After gradually tightening COVID-19 curbs over the past few weeks, Beijing officials on May 12 said they “recommend” that residents stay at home while new mass testing is underway.
Panic buying gripped the capital amid rising concern of a citywide lockdown, though authorities have dismissed lockdown speculation as “rumors.”
Xu Hejian, a spokesperson for city officials, said at a briefing that Beijing will conduct three rounds of testing in 11 of the city’s 16 districts and an economic zone for three days, beginning May 13. He urged people to reduce their movements during the period.
Beijing officials, however, said the order doesn’t mean lockdown, calling on people to stop panic buying.
“The so-called lockdown and ‘silent period’ are all rumors,” said Xu, referring to a new term used by officials announcing a lockdown.
“It is unnecessary to hoard food,” Xu said at the press conference. “Residents don’t need to worry, the city’s operations won’t be affected.”
Nevertheless, long lines reappeared outside supermarkets and shops late on May 12. Residents scrambled to stockpile food and other daily necessities, while anxiously listening to Beijing’s daily COVID-19 news conference on their phones.
“This is quite unhealthy because people are in a very nervous mood,” said Grace Zhao, who stood in a 160-foot line outside one supermarket in Chaoyang, Beijing’s most populous district and the epicenter of its current outbreak.
The order comes after Beijing recorded 36 new cases in the previous 24 hours, pushing total infections to nearly 1,000 since April 22. But the official count has increasingly come into question by residents and experts, given the Chinese regime’s history of downplaying and covering up information about outbreaks across the country.
The new order means nearly all of the city’s 22 million residents will take three PCR tests.
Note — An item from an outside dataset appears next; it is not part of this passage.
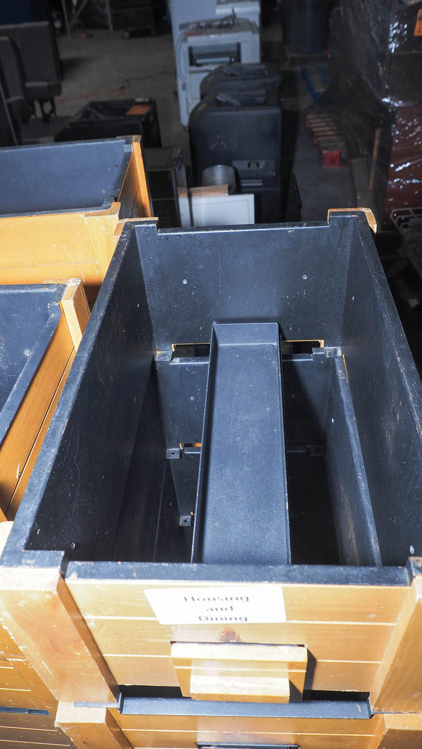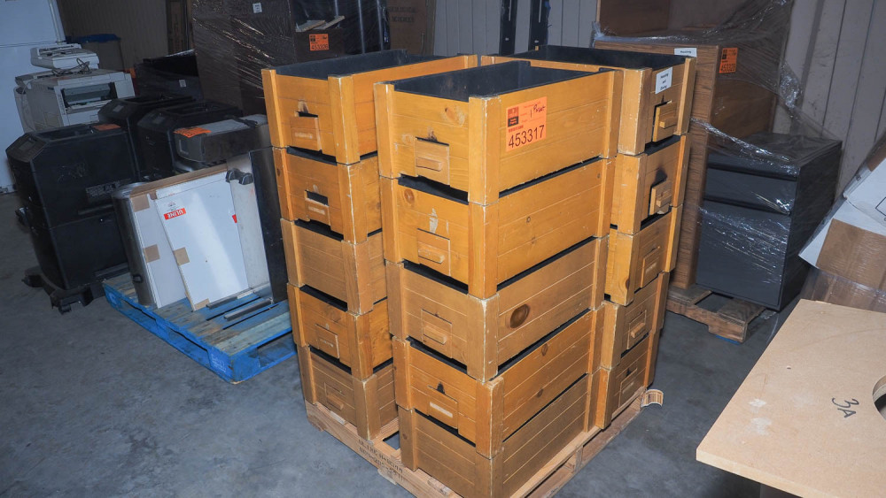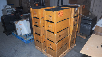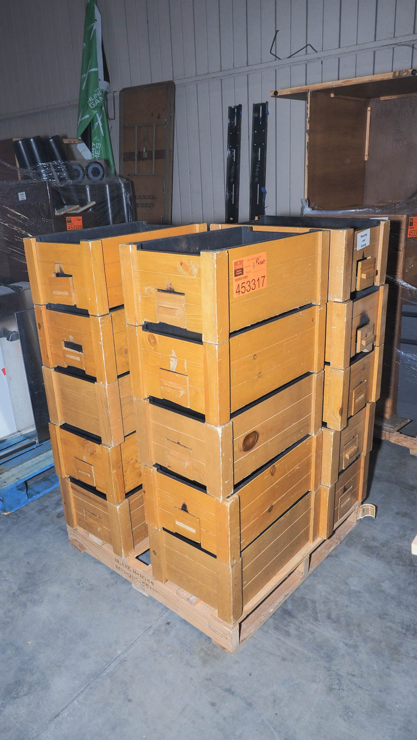 Sixteen wood chafing dish holders with slide-out warmer drawers. Condition:Heavily used with damaged and missing wood trim pieces. *The University of Texas at Austin makes no claim of physical or mechanical , and functionality of items available through SWICO Auctions. All items are sold “As is, where is”. It is the sole responsibility of the bidder to physically inspect items before bidding and assume all risk. Photos and descriptions are for preview only. All sales are final and no refunds will be issued. Please refer to the SWICO “Terms of Service” in which you have agreed to.

Residents in the 10 main districts are recommended to work remotely on May 13 and stay home over the weekend. The other five districts in suburban areas will see hotels and scenic spots closed.
The Chinese regime holds tight to its “zero-COVID” policy, aimed at eliminating every infection among communities by restricting movement and placing anyone at risk into mandatory quarantine.
On May 12, the yuan hit a new 19-month low, having tumbled almost 6 percent in less than a month.
Beijing officials said the results of the mass screening will determine their next move.
Beijing, the country’s political center, has never gone through a full-scale citywide lockdown since the regime launched its zero-COVID playbook at the onset of the pandemic in early 2020.